So far I've ignored the Reads Per Template value. That is supposed to be exactly 2.0 (Paired-End) or exactly 1.0(Single-End). Deviation from those exact values is what's concerning. Any ideas for how to present that more intuitively?

I agree that we should keep the raw numbers instead of rounding or plotting them.

But perhaps, indeed, these checks can be automated, so conditional formatting to highlight samples that break the condition is a good direction to look into.

Another approach would be to just add one more derived metric into the general stats, that would simply show if the sample passes those conditions or not. Similarly formatted to the existing "predicted instrument" and "predicted endedness" columns.

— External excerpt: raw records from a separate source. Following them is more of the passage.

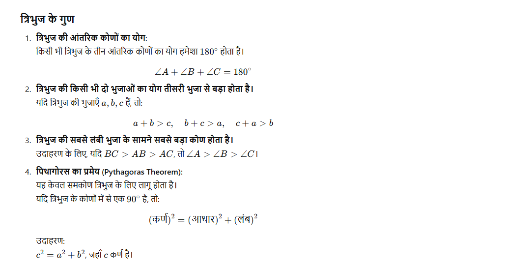 यह नोट्स त्रिभुज की सभी महत्त्वपूर्ण अवधारणाओं, प्रमेयों और व्यावहारिक उदाहरणों को संक्षेप में प्रस्तुत करता है। इनका अध्ययन करके परीक्षा में अच्छे अंक प्राप्त किए जा सकते हैं।
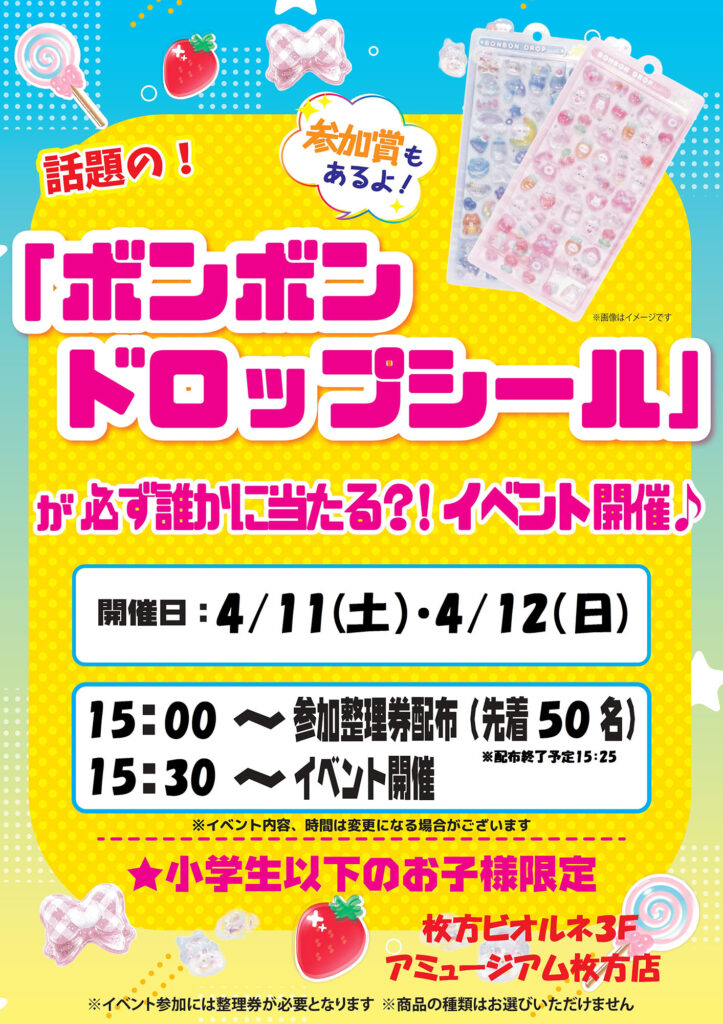 【アミュージアム】大好評!「ボンボンドロップシール」が当たるイベント開催♪
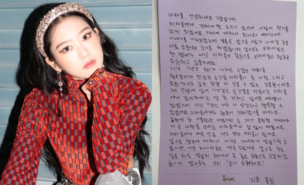 Jiho has released a handwritten letter to her fans.

It would be also helpful to add a "bad" example into the test data, where a sample doesn't pass the endedness criteria.

Let me complicate things for us: There is a parameter to this command which enables only processing a subset of the BAM file. When this mode is active, there is obviously some amount of deviation from the exact conditions I've outlined previously, just due to the randomness inherent in only processing a portion of the available reads. When run in this mode, the user supplies a tolerance range for determining the conditions. e.g. we can still call the sample Paired-End so long as 0.45 < (f+l-)/((f+l-)+(f-l+)) < 0.55. This is in contrast to the typical case, when every read is processed, that requires (f+l-)==(f-l+). Similarly RPT gets rounded to the nearest int during checks when run in "subset mode".

Generally we would discourage users from using this mode as it will mask errors. But we felt the need to enable it for consistency with the rest of the ngsderive commands. As you can imagine, checking out every read is the file takes a long time. A user has the option to get a decent enough guess in a few seconds if that's what their use-case calls for.

Another approach would be to just add one more derived metric into the general stats, that would simply show if the sample passes those conditions or not. Similarly formatted to the existing "predicted instrument" and "predicted endedness" columns.

Because of the inconsistency outlined above, MultiQC can't get into the business of checking these conditions itself. I would not want to imply "conditions met" or "conditions unmet" with colors such as "green" and "red". The conditions checking is already done and presented by the value of Endedness. That will be Unknown if no conditions are met (or Paired-End or Single-End were those conditions met). I wouldn't be opposed to coloring Unknown red, but I'm not sure it really adds a whole lot. Same for coloring Paired-End and Single-End green. I could take it or leave it.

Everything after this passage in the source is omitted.